Por pierre

Por vários motivos, é sempre bom ouvir o que anda dizendo um cara podre de rico como o Jorge Paulo Lemann, cuja fortuna beira os US$ 28 bilhões. Ele nem é de falar muito em público, mas esta semana, durante seminário em São Paulo, mandou um belo recado pra galera: “Passei a vida toda fugindo de política e acho isso errado. Os jovens que têm vocação têm que agarrar a oportunidade. É isso que fará diferença no Brasil”. Não costumo concordar com empresários graúdos — até porque estou bem na outra ponta da escala evolutiva econômica. Mas aqui eu concordo com o Lemann. Os jovens têm que voltar a fazer política.

O que o empresário mais rico do país não falou, talvez por falta de intimidade com o assunto, é que política não se faz com paixão, e sim com a razão. Educado na ditadura e perdendo quase todas as eleições de que participei, digo que é essa nossa maneira passional de ver a política (e o mundo) que nos distancia dela. Afinal, são decepções atrás de decepções que nos levam ao fim da paixão e ao fim de qualquer relacionamento com a política. Daí para o divórcio é um pulo. Um pulo para trás.

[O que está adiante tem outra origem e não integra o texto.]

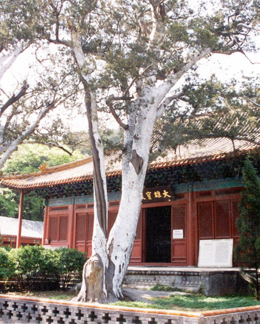 前来法海寺游玩、参观壁画的人,没进山门之前就能远远地望见金黄的殿顶上白皮松的枝杈伸向蓝天,总是惊诧两棵白皮松那么高大,那么洁白,那么神奇,就像是天上神仙们的杰作,特意种在大雄宝殿前,守卫这座神秘的艺术殿堂,保护人间的旷世奇宝明代宫廷壁画,击掌叹为造化之树。

O problema inicial talvez seja justamente tratar a política com os olhos da paixão. A paixão cega. Quem ama o feio bonito lhe parece. Assim, é a paixão cega por uma determinada linha política que gera o extremista, o fundamentalista, o terrorista. Esses personagens abrem mão do pensamento racional e tratam apenas de ser radicais, vivendo pela pátria, morrendo sem razão. Mau negócio.

Nessas horas, desprezar a razão machuca porque a paixão é baseada em expectativas que podem ter sido válidas em algum momento, mas que caducam e a gente nem percebe. É por isso que o sujeito sofre quando descobre que a namorada não o quer para sempre, como esperado. A esperança não virou realidade eterna.

É essa miopia que provoca insanidades absurdas como a que envolveu a Letícia Sabatella em Curitiba, semana passada. Cercada de pessoas com conceitos e preconceitos diferentes sobre a política, a atriz foi achincalhada, moralmente agredida. Nada, no mundo racional, pode justificar isso (e militantes de esquerda também cometem essas bobagens). Mas tinha que ser logo com a Sabatella? Ok. Assumo. Não posso tratar da Sabatella usando apenas a razão...

Brincadeiras à parte, quem quiser refletir sobre essa questão deve mergulhar em ‘A imaginação totalitária — Os perigos da política como esperança’, do Francisco Razzo. Uma aula sobre as nossas irracionalidades mais arraigadas, e não só na política. Bate fundo.